Given records –

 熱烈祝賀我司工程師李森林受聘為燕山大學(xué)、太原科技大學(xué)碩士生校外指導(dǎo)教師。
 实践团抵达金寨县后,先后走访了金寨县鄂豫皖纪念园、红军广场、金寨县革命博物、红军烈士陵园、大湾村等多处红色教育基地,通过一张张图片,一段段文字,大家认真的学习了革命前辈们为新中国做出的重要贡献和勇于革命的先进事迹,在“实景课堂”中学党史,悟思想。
...
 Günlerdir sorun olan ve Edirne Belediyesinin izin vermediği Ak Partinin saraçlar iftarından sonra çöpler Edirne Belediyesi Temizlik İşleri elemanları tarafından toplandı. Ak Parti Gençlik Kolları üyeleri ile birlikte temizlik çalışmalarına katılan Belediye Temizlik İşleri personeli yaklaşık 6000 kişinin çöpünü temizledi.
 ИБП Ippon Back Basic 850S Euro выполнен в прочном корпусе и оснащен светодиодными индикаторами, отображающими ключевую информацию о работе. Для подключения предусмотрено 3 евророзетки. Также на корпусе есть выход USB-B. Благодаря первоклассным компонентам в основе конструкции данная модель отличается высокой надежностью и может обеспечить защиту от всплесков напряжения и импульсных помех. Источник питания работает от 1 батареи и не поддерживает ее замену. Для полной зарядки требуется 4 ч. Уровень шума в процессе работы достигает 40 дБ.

What you need to do – Since only part of the listing is wanted, copy exactly the lines from the one holding "熱烈祝賀我司工程師李森林受聘" to the one holding "实践团抵达金寨县后,先后走访", both included.

Result of this task –
 熱烈祝賀我司工程師李森林受聘為燕山大學(xué)、太原科技大學(xué)碩士生校外指導(dǎo)教師。
 实践团抵达金寨县后,先后走访了金寨县鄂豫皖纪念园、红军广场、金寨县革命博物、红军烈士陵园、大湾村等多处红色教育基地,通过一张张图片,一段段文字,大家认真的学习了革命前辈们为新中国做出的重要贡献和勇于革命的先进事迹,在“实景课堂”中学党史,悟思想。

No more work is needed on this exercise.